3) Safely work with explosive mixtures and independently control gas parameters

The fact that we’re dealing with extremely low volumes of gas also means that we can safely handle explosive mixtures even if you plan to do this under extreme conditions such as high temperatures (above 1000°C) in combination with high pressures (i.e. 2 bars) and high relative humidity (i.e. 100%). Not only can you safely handle these explosive mixtures, but you can also control the relative humidity independently from other parameters such as temperature, pressure, gas composition and flow rate. So having this independent control also brings a lot of flexibility to users. 

4) Perform real nano-calorimetry and calibrate for time delay

The Nano-Reactor is also something very unique as we have been heavily optimizing the design such that, for example, the microheater allows for real nano-calorimetry. And this is really unique because it means that you can start quantifying and measuring the tiniest changes in temperature dissipation to understand if you’re observing an exothermic or endothermic reaction. And this is also really beneficial because you can calibrate for time delay, which is an issue that systems usually suffer from due to the unavoidable delay from the Gas Supply System to the MEMS device and to the Mass Spectrometer. Now, we can calibrate for that. 

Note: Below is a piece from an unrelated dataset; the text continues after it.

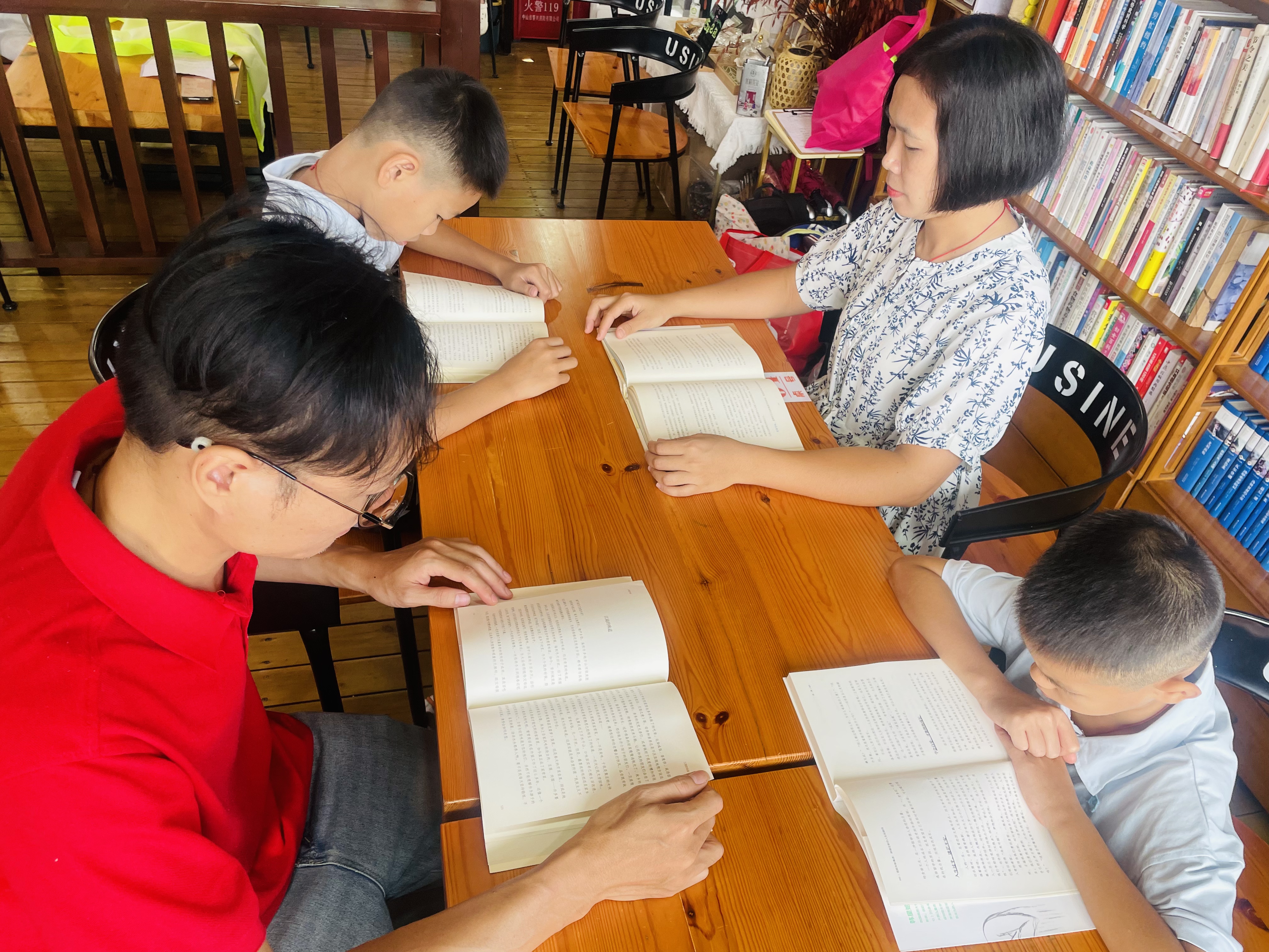 这份感悟让吴秋玲家庭在知识分享的道路上步履不停。她带领家人活跃在各个文化传播的舞台——参与了容桂街道举办的暑假文学公益班的讲座、容里社区的读书分享会、振华社区举办的暑假诗歌公益班、青年坊举办的暑假公益班,向大家分享阅读的乐趣。

5)  Prevent bypasses and achieve a desirable SNR

Moreover, the unique design of the Nano-Reactor itself, for which we have a patent, ensures that we can have an on-chip inlet and outlet. In other words, we can ensure that the gas will flow from the inlet to the outlet via the region of interest in a uni-directional way. And that means we can prevent bypasses and therefore improve the signal-to-noise ratio and the sensitivity of the Gas Analyzer. So the combination of these offerings (for example that our MEMS device can go to these high pressures like 2 bar, or allow you to perform EDS experiments well above 900 degrees at high pressures) ends up bringing a very unique value proposition for the user. 

What inspired you and the entire team to develop Climate in the first place?

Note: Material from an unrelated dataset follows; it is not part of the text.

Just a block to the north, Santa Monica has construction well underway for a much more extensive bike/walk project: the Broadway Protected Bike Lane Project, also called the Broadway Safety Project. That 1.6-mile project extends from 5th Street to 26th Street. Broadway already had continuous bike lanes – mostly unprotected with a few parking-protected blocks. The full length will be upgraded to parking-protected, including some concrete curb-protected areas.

Certainly understanding the importance and the impact that environmental studies can have on our global society was a big source of inspiration for the entire team. Having said that, understanding the solid-gas interactions at the nanoscale is what sets the foundation such that scientists can really start understanding how to optimize and synthesize future catalytic nanoparticles, which will end up playing a crucial role in applications such as carbon capture, energy storage and conversion as well as food production. So it is really this profound information that we can get from in situ TEM that gives this understanding. Because when you can start correlating particle size with composition, crystal orientation, or with the atomic or the electronic structure, it really gives a deep level of understanding for all these kinds of experiments. 

Can you walk us through the development process of Climate?

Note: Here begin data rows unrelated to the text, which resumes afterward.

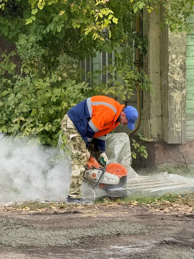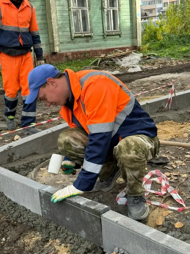 Теперь настала очередь благоустроить территорию вокруг. Один из главных запросов жителей — ремонт тротуара, ведущего к школе. Работы уже начались: дорожники устанавливают бортовой камень и формируют водоотводные уклоны.
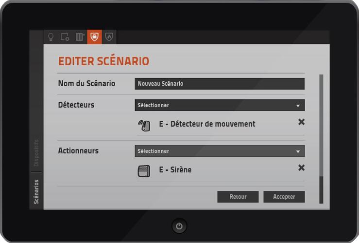 Un scénario est créé si et seulement si au moins un détecteur et une alarme ont été définis.
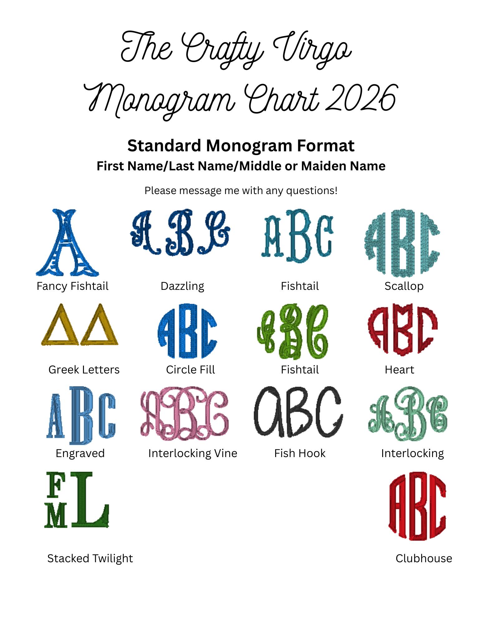 -monogram design type (see photos for design type) and Initials for monogram in the following format (FIRST LAST MIDDLE) I stitch the monogram as it is sent to me! If you have ANY questions about monogram order PLEASE send me a message!

It has been 5 or 6 years since we launched our first product line for in situ gas analysis. Ever since, what we have been doing is trying to make sure that we can stay as close as we can to our customers as well as prospects. Now the intention of doing that is when you start gathering the feedback and the vision that both groups have, you start understanding the pain points a little bit more. You start becoming more empathic to their experimental needs. And that helps us identify the product profile that we should have in place. And when you are aware of this product profile, then automatically you know what technologies must be developed, which is part of your roadmap. And subsequently when you have that in place, then you also know what people and processes must be involved. So, it’s a matter of doing that so that when we gather these market requirements, we can follow a defined product creation process that will allow us to develop a technology that will match these market requirements. 

What future applications do you envision for Climate?

Certainly everything related to green technologies. As I mentioned earlier, that is a big goal and motivation that we all have at this company. So these kinds of experiments and topics I was referring to like carbon capture, energy conversion and storage, and all sort of environmental protection kind of studies, that’s really where everything will head towards. 

Thank you for reading. To learn more about our Climate system please follow the links below.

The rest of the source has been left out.